When God gave instructions for the kings of Israel, he commanded the king to write out his own copy of God’s word, and he was to, “read in it all the days of his life.” God goes on to tell us what would be the effect of that daily reading of the word of God. “…that he may learn to fear the LORD his God by keeping all the words of this law and these statutes, and doing them, that his heart may not be lifted up above his brothers, and that he may not turn aside from the commandment, either to the right hand or to the left, so that he may continue long in his kingdom, he and his children, in Israel” (Deut 17:19-20). And while this instruction is specifically for the king in Israel, the principle remains: If we want to learn to fear the Lord our God, to obey God, and to be humbled, then we must have a daily habit of reading the word of God. To say it another way, if we want to see revival in our own souls, it will not happen apart from the Bible.

Pray without ceasing

If revival is God’s reviving of the spiritual life of the people of God, then we must be a praying people. We are told that we have access to the throne room of God, the throne of grace, where we can, “receive mercy and find grace to help in time of need” (Heb 4:16). While we have this open invitation to come, it is too common to neglect this privilege of prayer. And when we neglect to pray, we learn what James means when he says, “You do not have, because you do not ask” (James 4:2). Why is your soul dry? Is it because you haven’t asked? Have you neglected to come to “the fountain of living waters” (Jer 2:13)? Have you prayed like David, “Restore to me the joy of your salvation” (Psa 51:12)? Have you asked, “Will you not revive us again, that your people may rejoice in you” (Psalm 85:6)? A personal revival will only come through a consistent prayer life.

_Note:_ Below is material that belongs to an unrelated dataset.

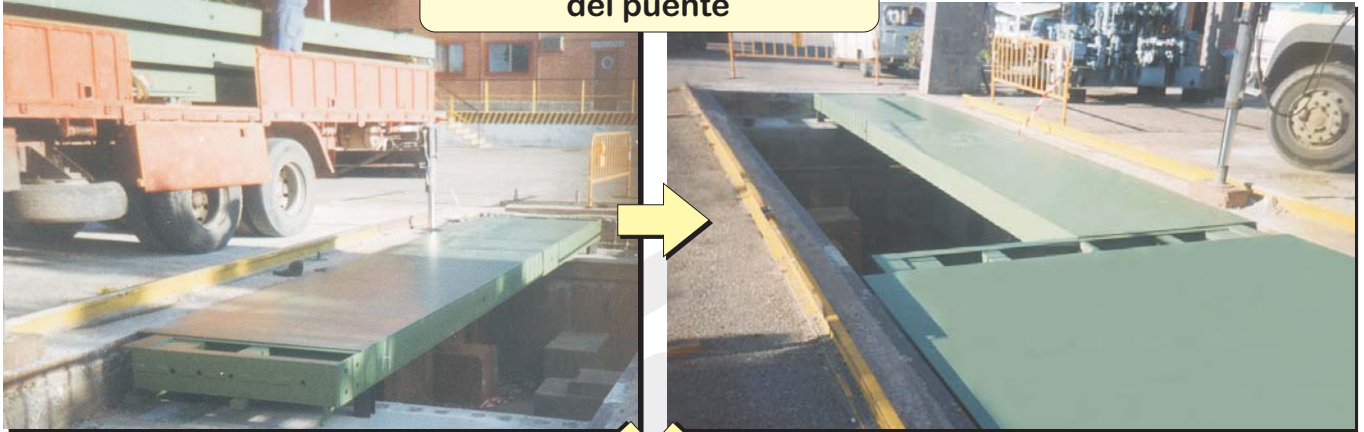
Diferentes fases de montaje del puente

Cada módulo esta compuesto por 3 vigas longitudinales unidas a la entrada, salida centro por 6 vigas transversales que evitas las flexiones producidas por las cargas que soportan.

Do not neglect the fellowship of the saints

Finally, a personal revival never comes by being alone. “It’s just me and Jesus” is a terrible mantra. What do you think Jesus will say to you when you finally get alone with Him? “And let us consider how to stir up one another to love and good works, not neglecting to meet together, as is the habit of some, but encouraging one another, and all the more as you see the Day drawing near” (Heb 10:25). God knows that we need that daily encouragement from the body of Christ so that we, “may not be hardened by the deceitfulness of sin” (Heb 3:13). If we want to see our hearts revived, good works pursued, and sin cast off, we must be connected to the body of Christ. Personal revival is always going to include the church.

A few years back, they asked Tom Brady how he was going to win the Super Bowl again. His answer was, “We’re gonna work on passing, and catching, and tackling, and running. Trick plays don’t win the Super Bowl.” I’ve always loved that answer, because that’s what the Christian life is like. We need to be experts in the basics, because the Christian life isn’t lived by trick plays. People are willing to travel thousands of miles to see a weeklong worship service, but they’re unwilling to pick up their bibles off the nightstand. If we want to see personal revival, let us be engrossed in God’s word, entrenched in prayer, and in love with God’s people. May God truly revive us again.